Dear Hawaii, how can I ever thank you enough? You’ve given so much to the mainland; you gave us Forgetting Sarah Marshall, Magnum P.I., surfing, sea turtles, hula girls, plate lunches, and spam musubis, with extra emphasis on the last two items. In fact, I want to emphasize Hawaiian food in general. It’s the greatest cuisine to ever grace the West Coast, and hopefully it makes its way east. How do you qualify a cuisine that’s richly influenced by Japanese, Chinese, and Korean cuisine, emphasizes meat in all its glorious forms–fried, barbecued, roasted–and considers a complete meal (called the plate lunch) to be comprised of a large portion of meat, a scoop of rice, and a salad that’s really macaroni salad (no fibrous, leafy vegetable matter at all!)? Words can’t describe it, but if I were to compare it to something we know here, it would be to Southern cuisine, where complete meals are also composed of meat, potatoes, and biscuits. No need for any vegetable. Maybe there will be a fruit pie for dessert, but that won’t yield very many nutrients.

I miss plate lunches, and all the choices of meat I can get. However, I can make spam musubis in my own apartment, and conjure up my own little taste of Hawaii. Spam musubis are ridiculously easy to make if you’ve ever cooked Asian food before. Actually, if you’ve even made rice before, then you’ve already made half the dish! TOTALLY RADICAL! All you need is Spam, rice, nori (seaweed) sheets, furikake (optional rice seasoning), sugar, and soy sauce.

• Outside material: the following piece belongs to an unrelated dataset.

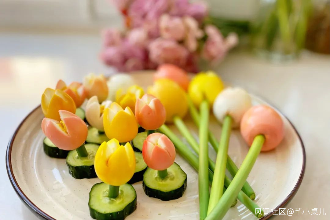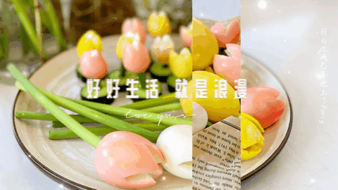其中,蒜薹可以換成芹菜,也很好看,還更容易操作;
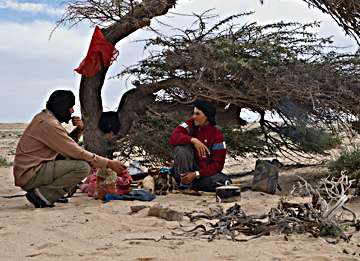 Shepherds preparing lunch—the curved trunk of an acacia tree tells of strong unidirectional winds that sweep across this part of the Sahara.

Slice up some spam and fry it in a pan. After a minute or two, add the sugar and soy sauce mix and let the meat soak up the juices. After the meat’s done cooking, take it off the stove, and in the meantime, take some rice and mold it into a rectangular bed for the spam slice. Add some rice seasoning to the top, and then place a slice of spam on top of it all. Wrap the entire thing in seaweed, and SHABAM! You have a handful of meaty and ricey goodness, that’s found all over Hawaii. Eat it on the go, or at home, or eat it like I do: while reading food blogs. Yes, I like to maximize my grastronomic exposure.